Transparency was cited as a key dimension of fairness with three intertwined attributes: interpretability, explainability and accountability.49–52 Each encompasses methods designed to see, understand and hold complex algorithmic systems accountable. These attributes emerge from the fact that the inner workings of most algorithmic systems are invisible to all but the ‘highest priests in their domain: mathematicians and computer scientists,’ often making their verdicts, even when harmful, beyond dispute or appeal (O’Neil 2016:3).33 53 54 Thus, transparency requires that the actions of scientists are easy to assess,55–57 ensuring that stakeholders can decide whether they support the intentions, indications for use, and goals of any algorithmic system.58 59 However, the opacity of algorithmic systems requires that we revisit our expectations for transparency in predictive care. For example, novel approaches in ML, such as enhancing feature representations with latent embeddings or applying neural networks, can improve our ability to predict important health outcomes,60 but they also make models less transparent. Thus, there is a need to establish the degree to which we must be able to interpret and explain model results to clinicians, patients, and families. Crucially, the ability to see inside a system should not be conflated with the ability to govern it.50 61
Interpretability and explainability
In the literature we reviewed, interpretability and explainability are often used interchangeably.49 However, interpretability most often refers to procedures and statistical techniques primarily used by scientists, to test, validate, and replicate findings.62 In ML, this involves evaluation metrics (eg, accuracy, sensitivity, specificity), which can be used to compare performance across protected groups.12 34 However, a predictive care model achieving similar performance across samples or settings is interpretable but not necessarily fair. If a predictive care model is biased against a sociodemographic group, this bias may carry over or be amplified in a different setting or sample.63–66 Moreover, as described by the ‘impossibility theorem,’ not all fairness criteria can be satisfied at the same time.6 16 67 For example, a predictive care model can achieve high accuracy (and therefore be interpretable and statistically fair) but can still be discriminatory.68 69
This limitation of interpretability may be addressed by explainability, which in part involves understanding how model features contribute to prediction. Various technical tools and procedures exist to address concerns about the so-called ‘black box problem’ of algorithmic systems, such as techniques to identify how models weigh features.70 71 In the context of fairness however, explainability is only useful if highly-weighted features point to sociodemographic biases in model performance. For example, it may be possible to identify potential sources of bias in a predictive care model by examining whether the nature or availability of important features differ between sociodemographic groups. Moreover, in the literature we reviewed, explainability was also often used to draw attention to the social and communicative processes that surround predictive care tools. For example, these studies emphasised that fairness was not just about conveying accurate and unbiased information, but also about communicating the purpose, relevance and limitations of an algorithmic systems.72–74
Even if explainability is possible, it may not yield desirable outcomes.75 76 According to emerging evidence, many clinicians are susceptible to following incorrect diagnostic advice.77 This effect is more pronounced when ML-based advice is paired with explanations of features contributing to prediction,78 suggesting that explainability can adversely impact clinical decision making.79 Further, the ability to interpret and explain how a model works is not sufficient to mitigate harms. Recent studies of vaccine hesitancy and resistance to ebola campaigns emphasise that trust in public health interventions is often undermined by power differentials between patients and clinicians.5 80–83 Although little is known about how patients engage with predictive care in clinical contexts,84 sustained dialogue and shared decision-making between stakeholders that takes their concerns, desires and lived experiences seriously is critical.79 85–88 Thus, there is an urgent need to develop engaging, effective and user-friendly explanations of predictive care models for clinicians, patients, their caregivers and the general public.89 90 Explainability, therefore, must encompass both technical and social processes of translating the purpose, relevance and limitations of algorithmic systems to these various stakeholders, and providing targeted guidance on their use (eg, to complement clinical intuition, inform and negotiate care).

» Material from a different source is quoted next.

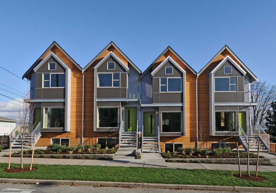 Весьма популярны в последнее время таунхаусы из СИП-панелей на 6 и более семей

Interpretability and explainability are described as prerequisites for the third transparency attribute: accountability. Accountability refers to governance structures, procedures, and tools used to evaluate and hold algorithmic systems accountable in a timely manner. Since predictive care often impacts acutely ill, marginalised or vulnerable groups, accountability cannot rest on the agency of a single person to assert their right to fair and equitable care.91 92 In other words, we cannot expect those impacted by predictive care (patients, families, nurses, social workers) to be the ones to hold it accountable. From a fairness perspective, downloading the responsibility to those primarily impacted—and potentially harmed—by the technology is also ethically worrisome as it places a disproportionate burden on these groups to mobilise change. Rather, the governance structures that measure and track algorithmic systems must operate at multiple scales and be monitored continuously.93–96 These structures should ensure that the development and implementation of predictive care is responsible and responsive to the needs and perspectives of various stakeholders.88
‘We shape our tools, and thereafter, our tools shape us’.97
One of the most cited dimensions of fairness is that individuals should be free from unfair bias and systemic discrimination.53 In medicine, both human and non-human actors gather, integrate and curate datasets to support care. As part of this process, (data scientists) aspire to collect unbiased data, but critics point out that data are not inherently fair, objective or impartial.19 Rather, data reflect widespread biases and historical patterns of exclusion and inequality persisting in society at large,98 99 which often extend to data on which predictive care models are trained. On the other hand, it is well documented that medical practices without algorithmic systems are far from impartial. Rather arbitrary and idiosyncratic practices in medicine frequently intersect with harmful sexist, racist and classist assumptions about patients.100 101 From this perspective, algorithmic systems may be more fair because ‘biased algorithms are easier to fix than biased people.’102–104
At first glance, it might seem like computational scientists and their critics have reached the same conclusion: that poor quality and biased data are likely to perpetuate harm. In the computational sciences, there is a growing assumption that encoding more data about a dataset’s origins (metadata) and circumstances (context) surrounding its creation will resolve these issues.1 105–111 However, as Seaver (2017:1105) and others argue, ‘context is the kind of thing that cannot be modelled’ since ‘contexts are not containers, but… relational properties occasioned through activity.’112 Rather than side with either perspective, we see this divergence as a vital opportunity for collaboration between computational and social scientists.113 114 Thus, our conceptualisation of fairness includes two crucial attributes of impartiality that warrant further attention: a dataset’s origins very broadly defined—or it’s ‘provenance’ and its end-use—or ‘implementation’.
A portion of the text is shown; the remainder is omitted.